- Genre: Drama
- Based on: Fallen Angel by Don Snyder
- Written by: Don Snyder
- Directed by: Michael Switzer
- Starring: Gary Sinise Joely Richardson
- Country of origin: United States
- Original language: English

Production
- Producer: Anne Hopkins
- Editor: Mark Rosenbaum
- Running time: 120 minutes
- Production company: Hallmark Hall of Fame

Original release
- Network: CBS
- Release: November 23, 2003

= Fallen Angel (2003 film) =

2003 film directed by Michael Switzer

Fallen Angel is a 2003 Hallmark Hall of Fame television film directed by Michael Switzer and starring Gary Sinise and Joely Richardson. It was rerun in December 2004 and has been shown since then on the Feeln on-demand movie service, which shows many Hallmark Hall of Fame productions. It is based on the novel of the same name by Don Snyder, who also wrote the teleplay.

==Plot==
Successful California attorney Terry McQuinn looks back on his childhood in Maine. He's the son of a widowed caretaker who is too engrossed in his work to spend much time with his son, possibly out of incurable grief following the early death of Terry's mother. When Terry's father dies, he returns to Maine to take care of and settle his father's small estate. While there, Katherine Wentworth, a New York social worker, asks Terry to re-open a house on the estate that her parents had once owned, wanting to show it to her adopted, blind daughter, Olivia.

Terry has flashbacks to his boyhood and his original meeting with Katherine as a young girl, when her parents came to his house one winter. He remembers going with Katherine and her father, a former professional football player, to deliver Christmas presents to hospitalised children, something her father did every year. One night, after the deliveries, her father's car skidded on an icy road and inadvertently killed a mother and her child. Though police ruled it an accident and planned not to pursue charges, Katherine's father disappeared completely. Terry also discovers his own father kept many pictures of their little family for years after his mother died.

When he meets Katherine again, Terry is taken by her warmth and her daughter's love of life. He learns Katherine's father' Charles, isn't dead, as his brother Warren had indicated, but alive and homeless, having worked many years at the hospital, where he still donated Christmas presents annually to children there. Terry becomes uncertain whether to tell Katherine her father is still alive, and Katherine is uncertain about falling in love with Terry.

==Cast==
- Gary Sinise as Terry McQuinn
- Joely Richardson as Katherine Wentworth
- Dave Nichols as Charles Wentworth
- Michael Rhoades as Mac McQuinn
- Gordon Pinsent as Warren Wentworth
- Jordy Benattar as Olivia
- Jake Brockman as young Terry
- Ryan Simpkins as young Katherine
- Rick Roberts as Charles at 30
- Alisa Wiegers as Katherine's mother

== Production ==
Fallen Angel was filmed in and around Toronto.

==Reception==
Fallen Angel was nominated for a PrimeTime Emmy award for its music score by Ernest Troost.

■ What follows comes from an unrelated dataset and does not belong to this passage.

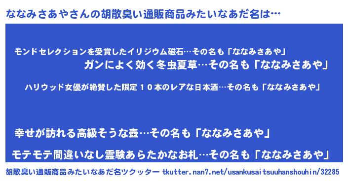 | ヒーロー風カッコイイあだ名 | 『仮面ナナダー』『スーパーナナミサアヤ』 |

Sinise, Richardson, and Benattar won as actors for Character and Morality in Entertainment Awards in 2005, as did Snyder (teleplay), director Michael Switzer, and producer Anne Hopkins.

TV Guide found that Sinise gave "a touching performance", while the Chicago Tribune described the film as a "gentle drama". A review at The Movie Scene stated. "What this all boils down to is that "Fallen Angel" is one of those Hallmark Christmas movies which whilst built on some familiar building blocks oozes charm as well as featuring a pleasant mystery which keeps you watching." Movie Guide praised the film as follows: "is beautifully produced, in the tradition of Hallmark Hall of Fame. It is a movie that deals with overcoming pain and suffering, dealing with the past, learning forgiveness, and seeing prayers answered in unexpected ways, many years after they were uttered. Although it’s a character study, it keeps you on the edge of your seat. Without sex or violence, there is a tangible sense of jeopardy and a concern for these characters". The Toledo Blade found it "light but satisfying".